Para el pediatra especializado en psicología infantil, como para la mayoría de los médicos que tratan estos temas, los amigos invisibles son una especie de proyección de los sueños, que ayudan al niño a descubrir sus deseos, expresar sus sentimientos, encontrarse consigo mismos, de una manera inofensiva.

– ¿Pero una mujer de blanco?

Me respondió que tal vez, Sherine no comprendía nuestra manera de ver o de explicar el mundo. Sugirió que, poco a poco, empezásemos a preparar el terreno para decirle que había sido adoptada. En el lenguaje del especialista, lo peor que podía ocurrir es que se enterase por sí misma, pues empezaría a dudar de todo el mundo. Su comportamiento podría volverse imprevisible.

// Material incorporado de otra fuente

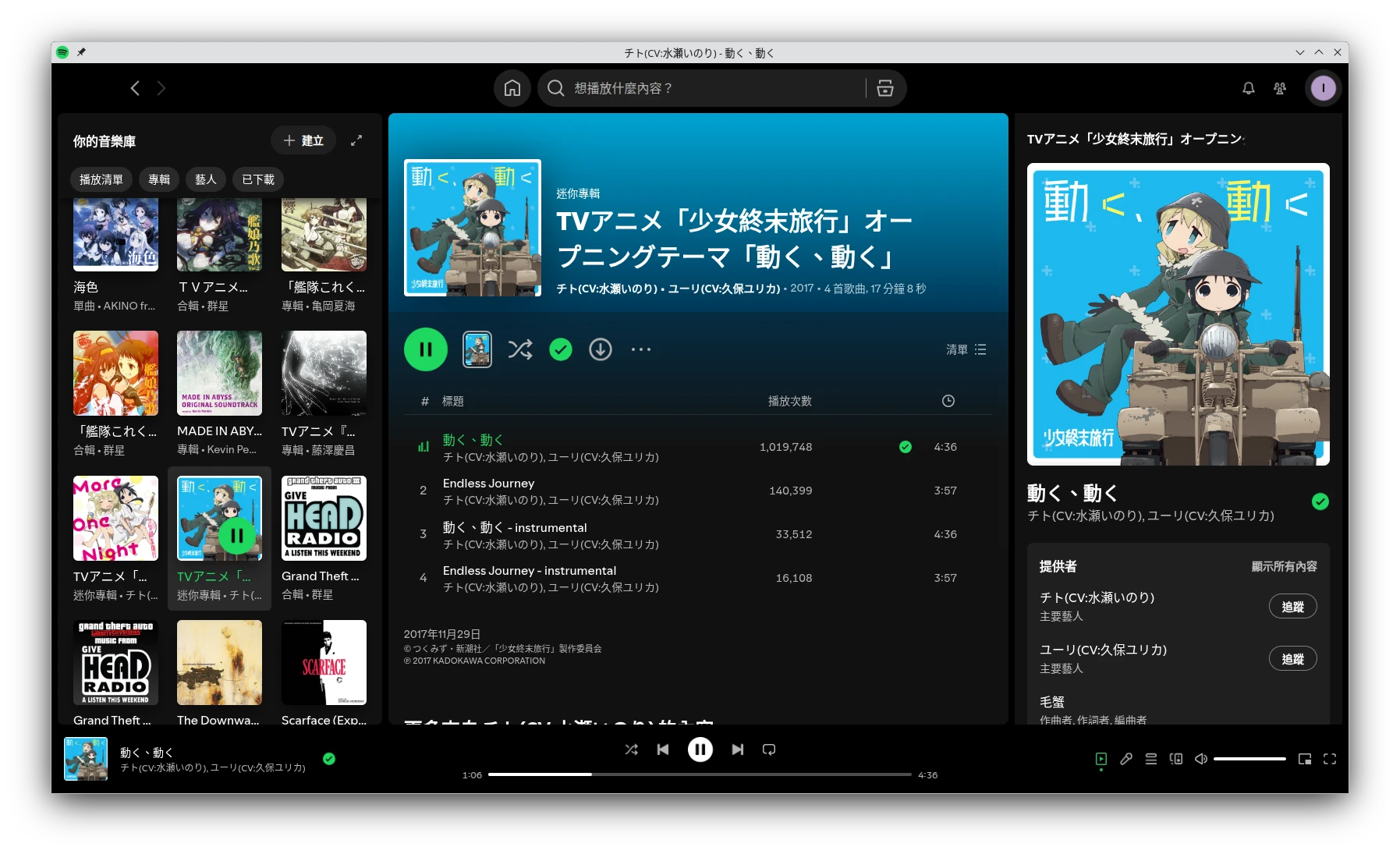 Spotify這個平台如果不訂閱Premium,就只能搜尋到單曲,且音質受限,用起來跟Youtube沒兩樣嘛。我是喜歡以專輯為單位收藏音樂的,追求整體專輯的完整的聆聽體驗,這樣概念專輯的才好欣賞,而非單曲,所以一定要付費。

A partir de ese momento, cambiamos nuestra manera de dialogar con ella. No sé si el ser humano puede recordar cosas que le ocurrieron cuando todavía era bebé, pero intentamos demostrarle cuánto la queríamos, y que ya no tenía que refugiarse en un mundo imaginario. Tenía que entender que su universo visible era lo más hermoso, que sus padres la iban a proteger de cualquier peligro, Beirut era bonita, las playas siempre estaban llenas de sol y de gente. Sin enfrentarme directamente con esa «mujer», empecé a pasar más tiempo con mi hija, invité a sus amigos del colegio a que frecuentasen la casa, no perdía ni una sola oportunidad para demostrarle todo nuestro cariño.

La estrategia dio resultado. Mi marido viajaba mucho, Sherine lo echaba de menos, y en nombre del amor decidió cambiar su estilo de vida. Las conversaciones solitarias empezaron a ser sustituidas por juegos entre padre, madre e hija.

Todo iba bien hasta que una noche ella vino llorando a mi habitación, diciendo que tenía miedo, que el infierno estaba cerca. Yo estaba sola en casa; mi marido, una vez más, había tenido que ausentarse, y pensé que ésa era la razón de su desesperación. ¿Pero infierno? ¿Qué le estaban enseñando en el cole o en la iglesia? Decidí que al día siguiente iría a hablar con la profesora. Sherine, sin embargo, no dejaba de llorar. La llevé hasta la ventana, le enseñé el Mediterráneo, allá fuera, iluminado por la luna llena. Le dije que no había demonios, sino estrellas en el cielo y gente caminando por el bulevar de delante de nuestro apartamento. Le expliqué que no debía tener miedo, que estuviese tranquila, pero ella seguía llorando y temblando. Después de casi media hora intentando calmarla, empecé a ponerme nerviosa. Le pedí que dejase de comportarse de aquella manera, que ya no era una niña. Imaginé que tal vez hubiese tenido su primera menstruación; discretamente, le pregunté si sangraba.